Bener Meriah – Puja TV Aceh – Puluhan Masyarakat yang tergabung dalam Elemen Petani Kopi Gayo (EPKG) melakukan orasi didepan Gedung DPRK Bener Meriah, Senin 19 Oktober 2020.

Koordinator Aksi Demo dari Elemen masyarakat petani kopi Gayo Nasri Gayo dalam orasinya, meminta Pemerintah Kabupaten Bener Meriah segera membuat Qanun perlindungan kopi gayo, dan meminta pemerintah setempat untuk stabilkan harga pertanian terutama di bidang kopi.

“Hari ini kita meminta dan mendesak seluruh pejabat terkait dan juga DPRK Bener Meriah untuk segera membuat dan mengesahkan Qanun kopi Gayo”, Kata Nasri Gayo selaku koordinator Aksi demo dari EPKG.

Terdapat delapan poin tuntutan dari elemen masyarakat petani kopi gayo, yang pertama mereka meminta pemkab Bener Meriah untuk memperjelas janji presiden Jokowi untuk membeli kopi gayo, yang kedua mereka mendesak Pemerintah Kabupaten Bener Meriah untuk membuat Qanun tentang kopi Gayo. Serta enam poin tuntutan lainnya yang mereka bacakan saat aksi demo berlangsung.
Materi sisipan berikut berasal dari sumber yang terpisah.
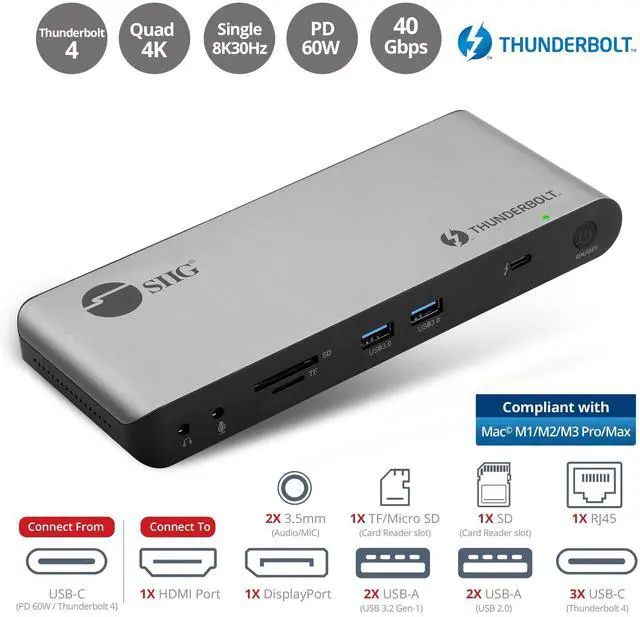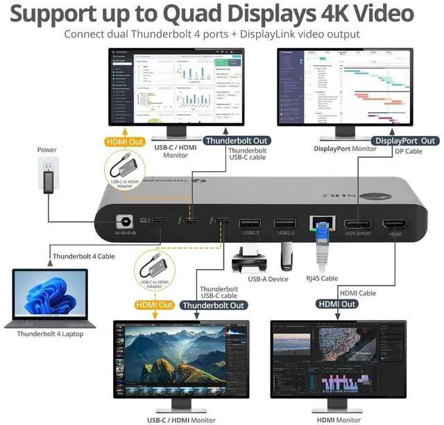 Docking Station: With 15 connecting ports in total, this Thunderbolt 4 docking station (JU-DK0U11-S1) creates an ultimate workstation for your laptop, such as MacBook Pro or Windows. It is capable to connect multiple devices, video, ethernet, memory cards, and power through a single Thunderbolt 4 cable. It gets up to 40Gbps data transfer speeds, which is 8 times faster than USB 3.0. ^^ Quad 4K

Sementara itu, pantauan pujatvaceh.com di lokasi, dalam orasi demo yang dilakukan di depan Gedung DPRK Bener Meriah tersebut, sempat terjadi saling dorong antara petugas pengamanan dan para pendemo, hal itu dipicu karena para pendemo tidak diizinkan masuk dan bertemu langsung dengan 25 anggota DPRK Bener Meriah.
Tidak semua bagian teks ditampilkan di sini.